Extract the stretch of lines that starts at the line with "本広報誌に記載しております、" and ends at the last line of the data below. Give it exactly, without pictures.

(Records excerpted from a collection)
>>
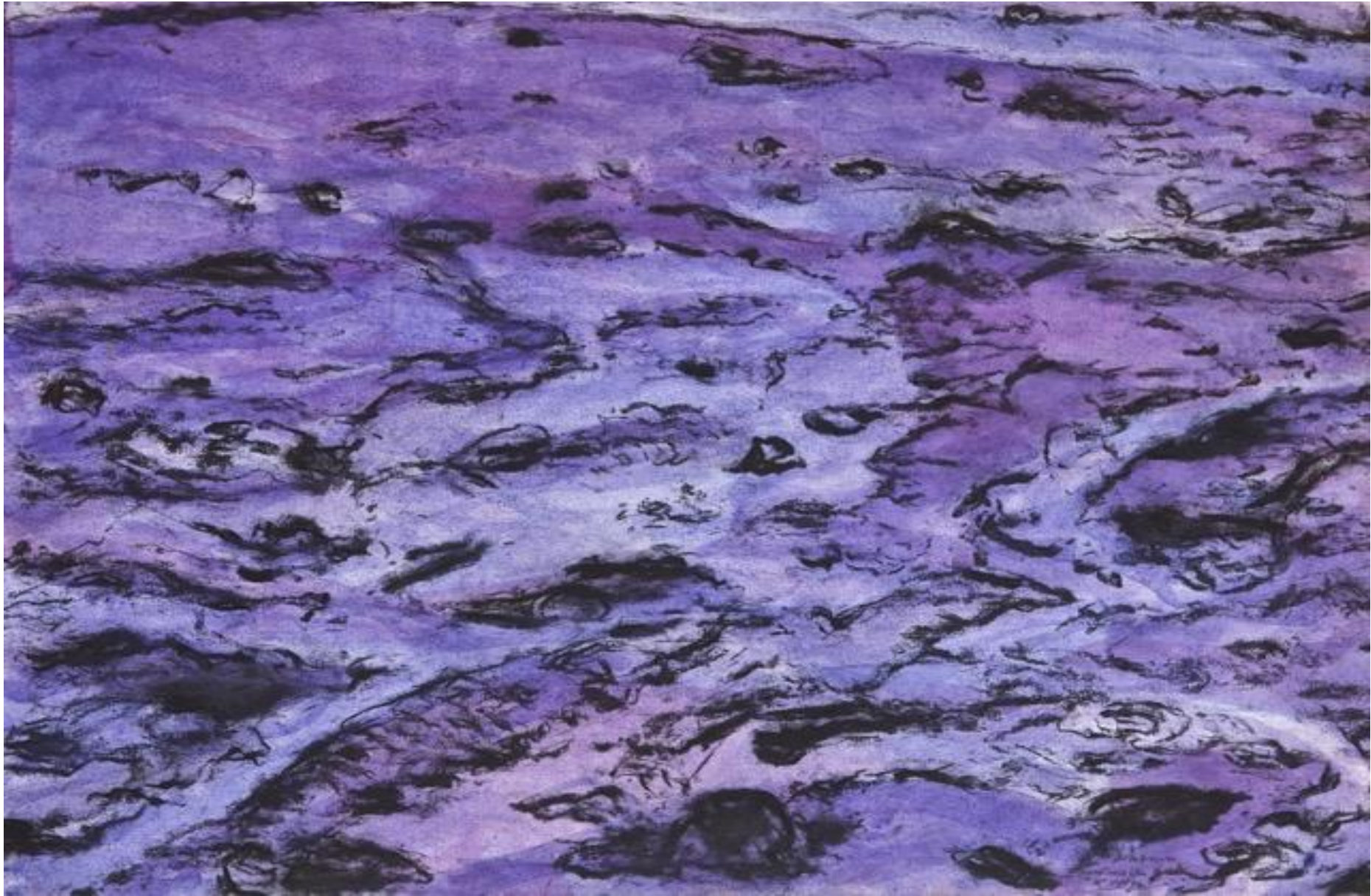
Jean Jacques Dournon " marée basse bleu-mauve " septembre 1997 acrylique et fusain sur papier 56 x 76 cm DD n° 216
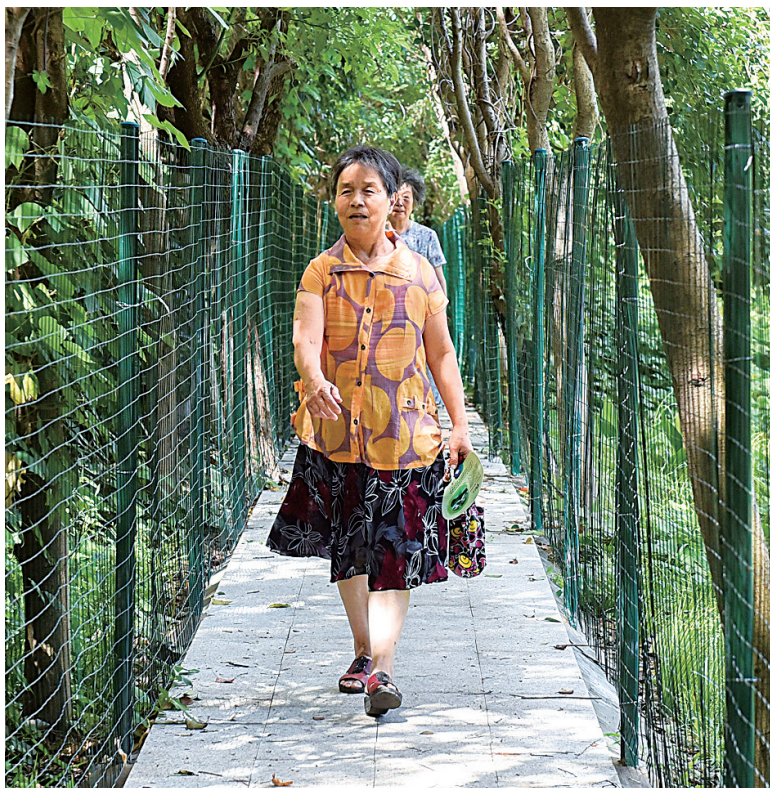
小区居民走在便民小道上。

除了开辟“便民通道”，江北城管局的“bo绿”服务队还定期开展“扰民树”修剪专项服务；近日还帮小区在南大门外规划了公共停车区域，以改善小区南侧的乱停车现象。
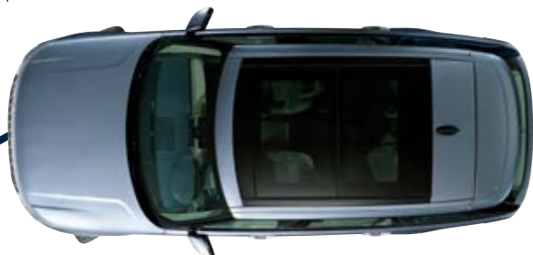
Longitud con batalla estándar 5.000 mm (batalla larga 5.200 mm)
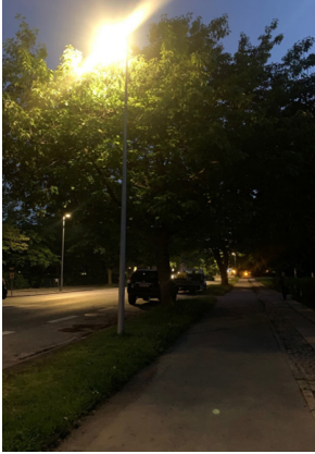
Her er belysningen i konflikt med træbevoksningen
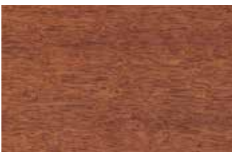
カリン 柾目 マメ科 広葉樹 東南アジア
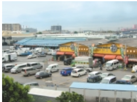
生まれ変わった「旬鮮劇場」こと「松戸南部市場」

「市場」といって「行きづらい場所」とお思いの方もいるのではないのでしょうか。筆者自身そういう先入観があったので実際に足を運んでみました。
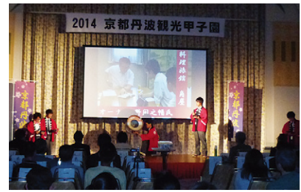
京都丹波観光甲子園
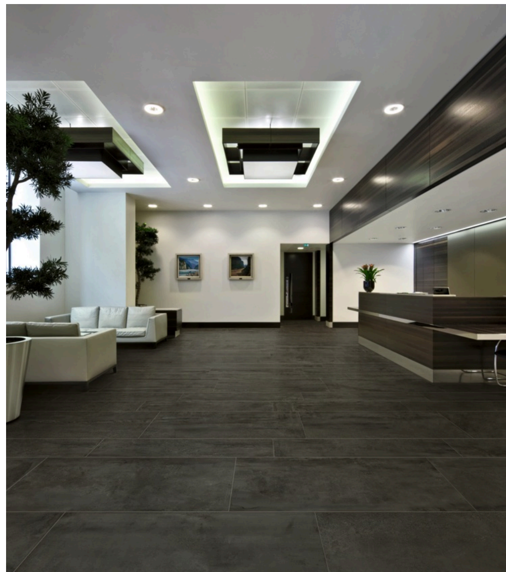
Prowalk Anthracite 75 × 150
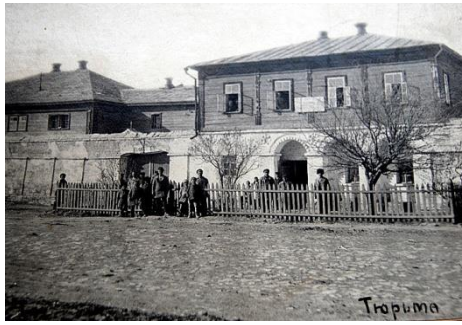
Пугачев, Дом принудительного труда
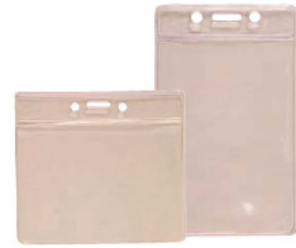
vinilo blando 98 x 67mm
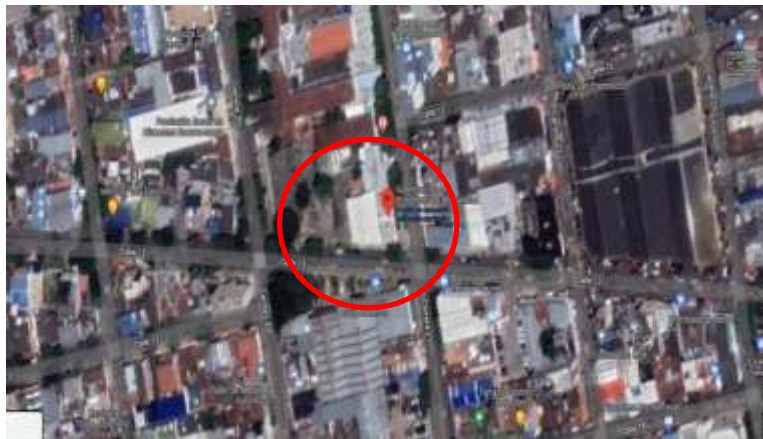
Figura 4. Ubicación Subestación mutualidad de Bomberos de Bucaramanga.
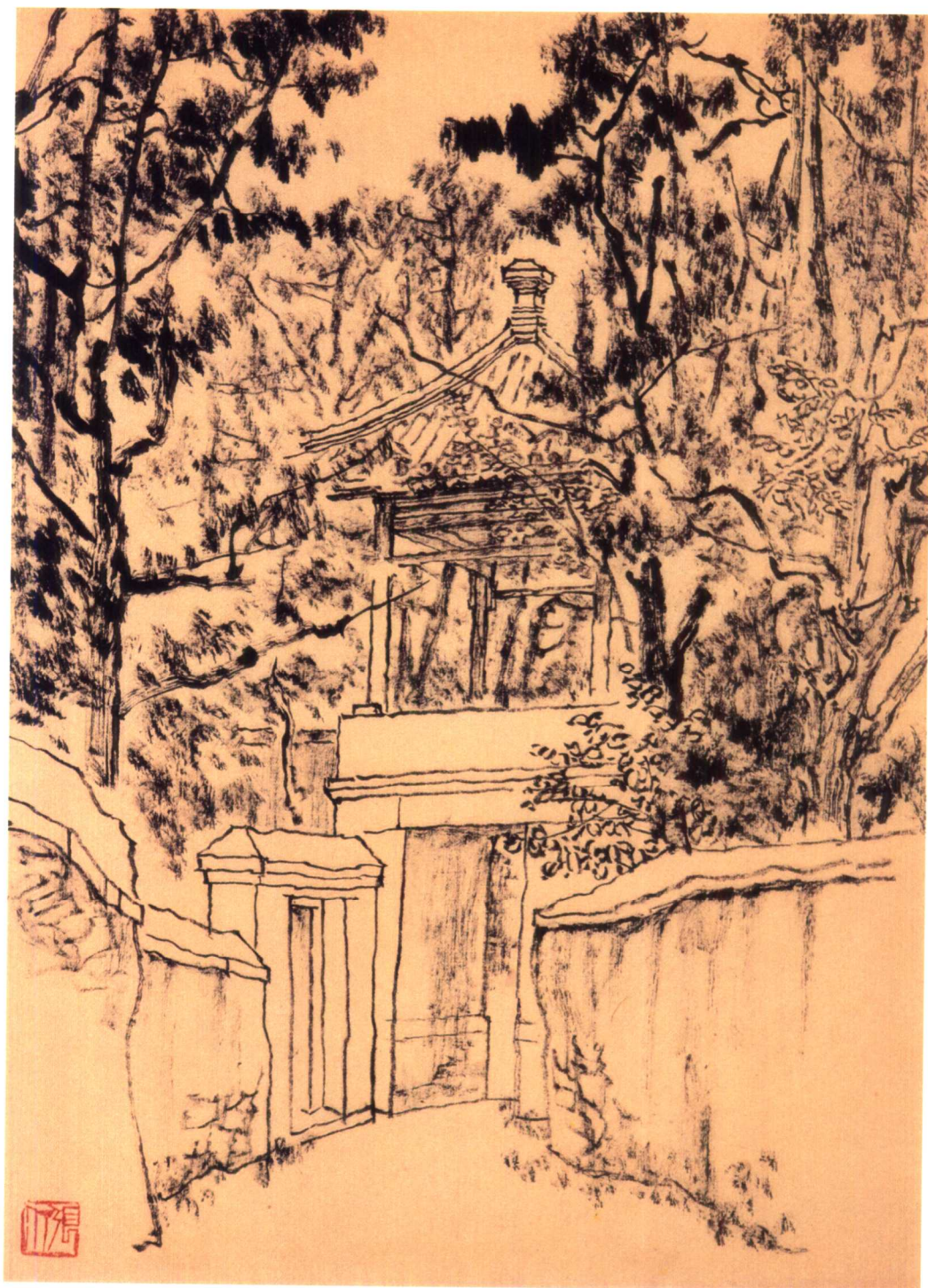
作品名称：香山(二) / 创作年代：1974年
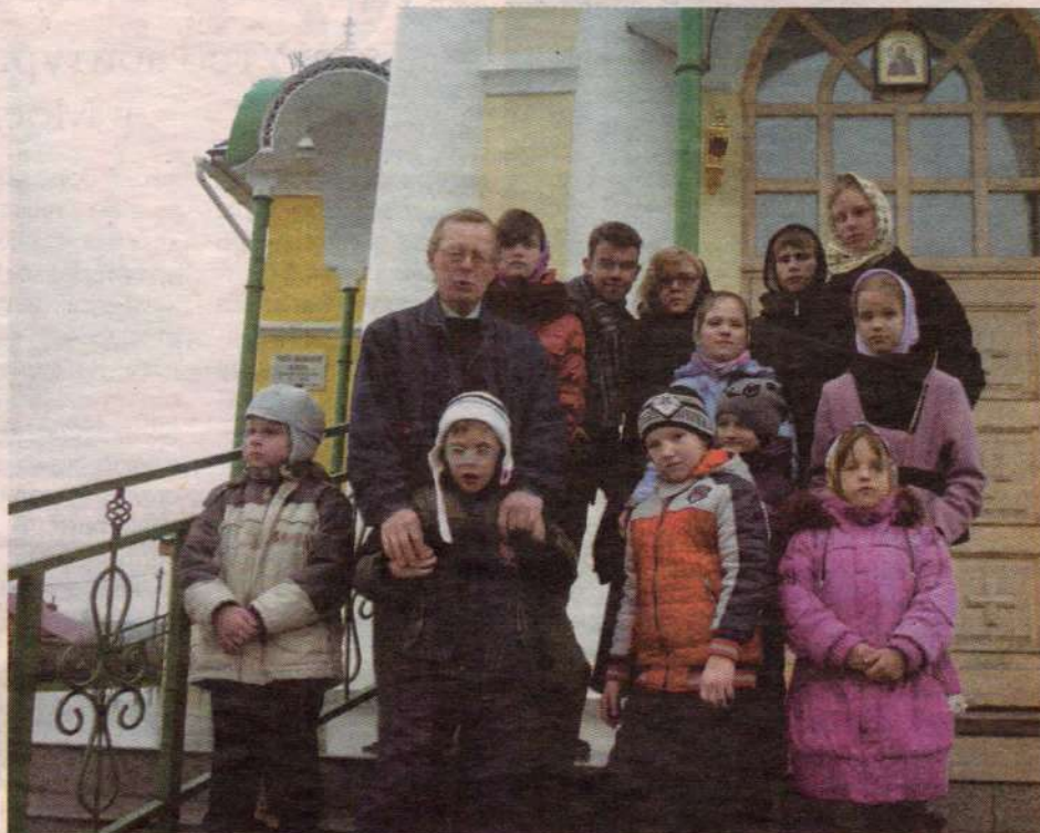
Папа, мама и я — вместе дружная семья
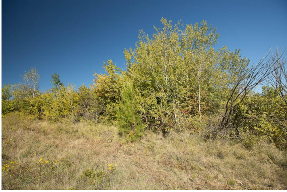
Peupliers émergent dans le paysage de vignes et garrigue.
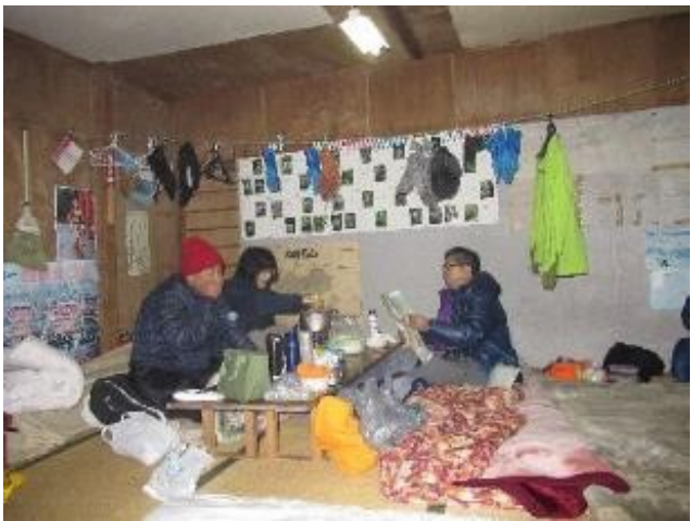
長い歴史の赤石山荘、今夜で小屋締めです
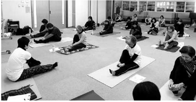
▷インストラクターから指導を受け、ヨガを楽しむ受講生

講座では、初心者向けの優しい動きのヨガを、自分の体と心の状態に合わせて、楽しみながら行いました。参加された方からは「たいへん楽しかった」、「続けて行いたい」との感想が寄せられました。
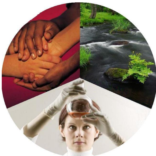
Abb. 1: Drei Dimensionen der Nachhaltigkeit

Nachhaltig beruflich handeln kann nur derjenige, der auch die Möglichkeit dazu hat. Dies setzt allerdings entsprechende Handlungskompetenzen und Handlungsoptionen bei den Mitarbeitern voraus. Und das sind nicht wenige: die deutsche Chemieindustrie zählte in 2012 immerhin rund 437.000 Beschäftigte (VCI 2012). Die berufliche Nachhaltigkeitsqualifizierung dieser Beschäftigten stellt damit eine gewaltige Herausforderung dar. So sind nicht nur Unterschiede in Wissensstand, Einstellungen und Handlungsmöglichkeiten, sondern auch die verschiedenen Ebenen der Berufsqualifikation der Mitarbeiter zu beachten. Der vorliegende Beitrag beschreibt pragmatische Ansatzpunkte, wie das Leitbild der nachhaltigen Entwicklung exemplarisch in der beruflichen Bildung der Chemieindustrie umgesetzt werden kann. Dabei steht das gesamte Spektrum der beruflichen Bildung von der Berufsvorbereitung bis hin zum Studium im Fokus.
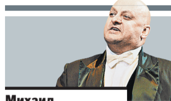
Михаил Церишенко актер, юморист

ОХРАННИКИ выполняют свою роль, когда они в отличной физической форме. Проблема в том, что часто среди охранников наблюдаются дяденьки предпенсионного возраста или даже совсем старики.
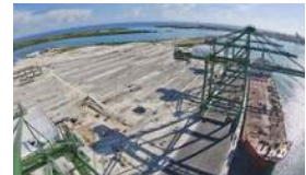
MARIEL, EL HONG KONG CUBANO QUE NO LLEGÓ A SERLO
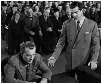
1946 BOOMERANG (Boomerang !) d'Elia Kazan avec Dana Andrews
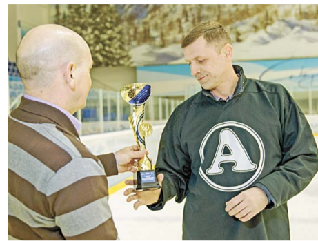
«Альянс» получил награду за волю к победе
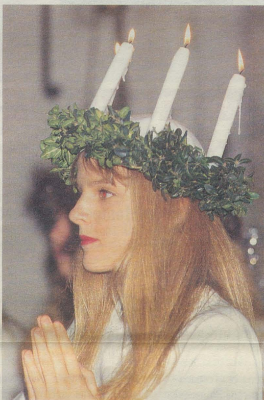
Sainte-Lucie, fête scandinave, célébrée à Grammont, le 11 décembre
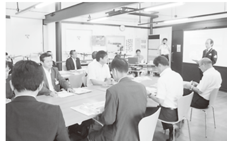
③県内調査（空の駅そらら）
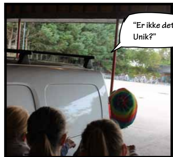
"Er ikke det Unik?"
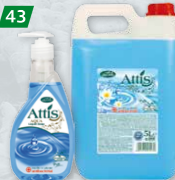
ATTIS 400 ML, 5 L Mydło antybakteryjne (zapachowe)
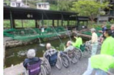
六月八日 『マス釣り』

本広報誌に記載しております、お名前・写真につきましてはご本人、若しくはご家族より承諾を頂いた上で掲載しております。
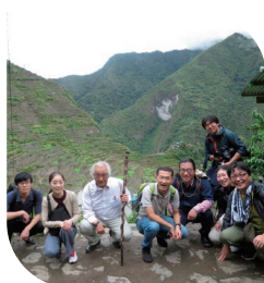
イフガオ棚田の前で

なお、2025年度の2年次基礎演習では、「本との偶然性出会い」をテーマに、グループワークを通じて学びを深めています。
<<
The answer:
本広報誌に記載しております、お名前・写真につきましてはご本人、若しくはご家族より承諾を頂いた上で掲載しております。
イフガオ棚田の前で

なお、2025年度の2年次基礎演習では、「本との偶然性出会い」をテーマに、グループワークを通じて学びを深めています。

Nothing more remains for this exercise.